Works in progress

IMG_4501.jpg

I’ve been thinking about mistakes. One of the many lessons I learned while training to be a teacher was this:

Mistakes are required.

Which is to say many things, one of which is is that the best way to learn a thing is to make the mistakes. Someone else can tell you a thing many times, but the lesson of trying the thing and messing it up is far more effective. Making mistakes, learning from them, trying again. This is how we grow, gain knowledge, become experts, become better humans. This is not so easy, though. Mistakes are uncomfortable. But perhaps it is only when we learn to sit with discomfort that we truly grow.

IMG_4117-1.jpg

I don’t tend to love January as the beginning of the year (I’ve talked about this before -- September is my preference), and in the past I’ve been not so great with setting intentions and following through. That “one little word” thing that people do hasn’t really resonated for me, for reasons that are becoming more clear to me as time passes. But recently, a message started repeating itself, over and over, louder, stronger, as I have tried to open my eyes and ears and really listen and understand what I need to learn:

Bloom where you are planted.

As I’ve tried to think about what exactly this means, it is becoming more and more apparent to me that this is something I must actively work to do. Accepting the mistakes as part of the process.

IMG_3873.jpg

In some ways, this sweater is like a plant: it’s growing bigger and bigger, and it’s green. The analogy is imperfect; my plants grow without my direct work, though in my defense I do put in at least a bit of effort, but recently while researching the best way to propagate the monstera plant which is currently attempting to take over my living room, I stumbled across this line in a blog post that stopped me in my tracks:

Plants (like people) grow and grow, but they don’t (like people) always grow the way you want them to.

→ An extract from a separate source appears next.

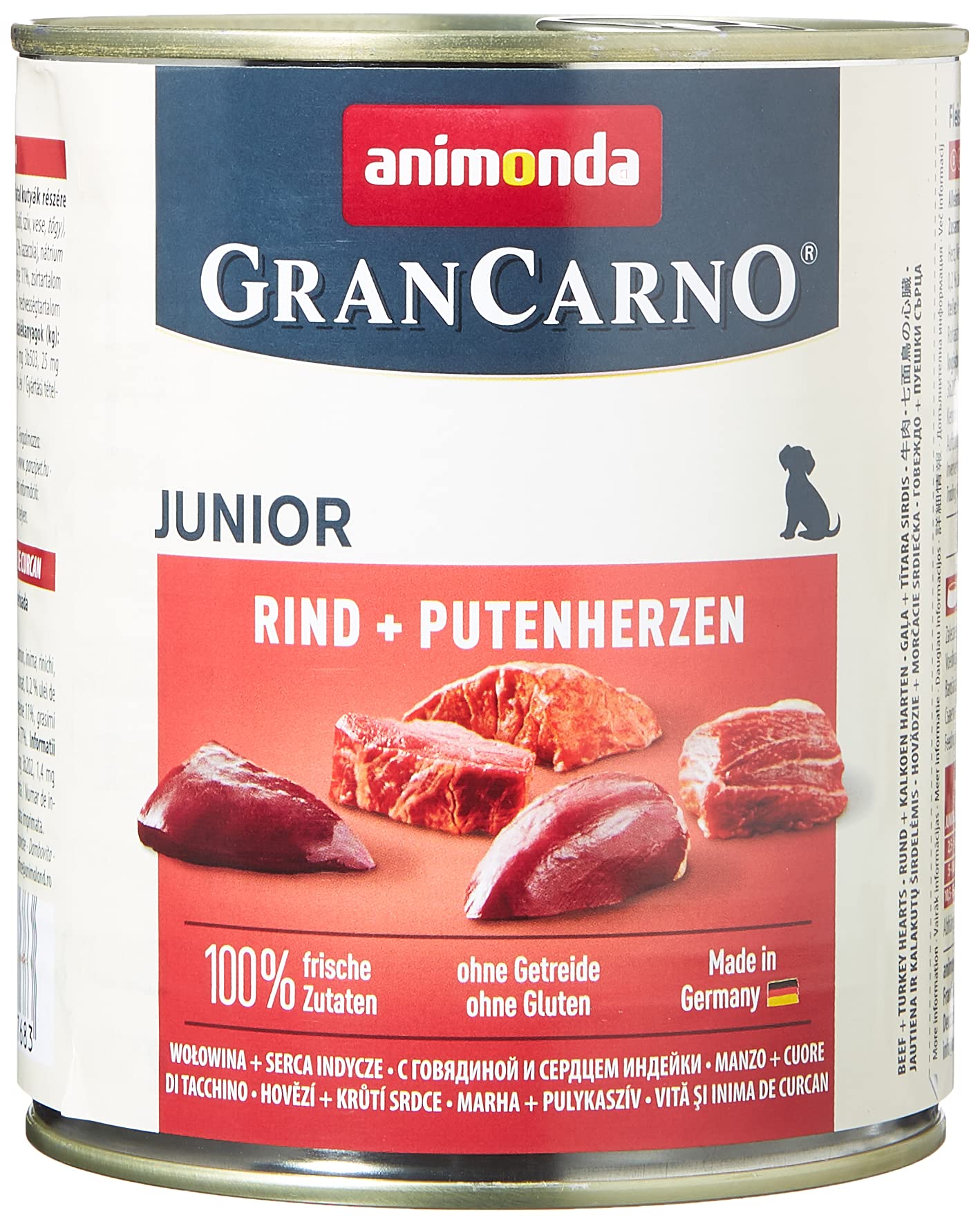 Animonda grancarno dog food junior wet feed for dogs in growth beef + turkey hearts 6 x 800 g single beef + turkey heart 800 g (6 Pack)

I can’t stop thinking about that line. In some ways, people are like plants. If there is something about our humanity we can count on, it is that we will continue to grow, even without our direct effort. The mistakes are inevitable. Trying to grow into better humans seems to be the collective challenge.

IMG_4491.jpg

my unwieldy Monstera

As I grow this sweater, I think about all of the mistakes it contains, some corrected, some not. I think about how even the act of learning how to knit a sweater is changing me, growing me. I am changing, I am learning, and this sweater is a tangible piece of physical evidence that it is happening.

IMG_4449.jpg

This wasn’t really why I started knitting, but then, when do we truly understand when we start to learn a thing how much we will really end up learning? This is the gift of creating. This is why the color green is really speaking to me right now.

This is why my sweater is like a plant, is like me. We are all creations. We are all works in progress.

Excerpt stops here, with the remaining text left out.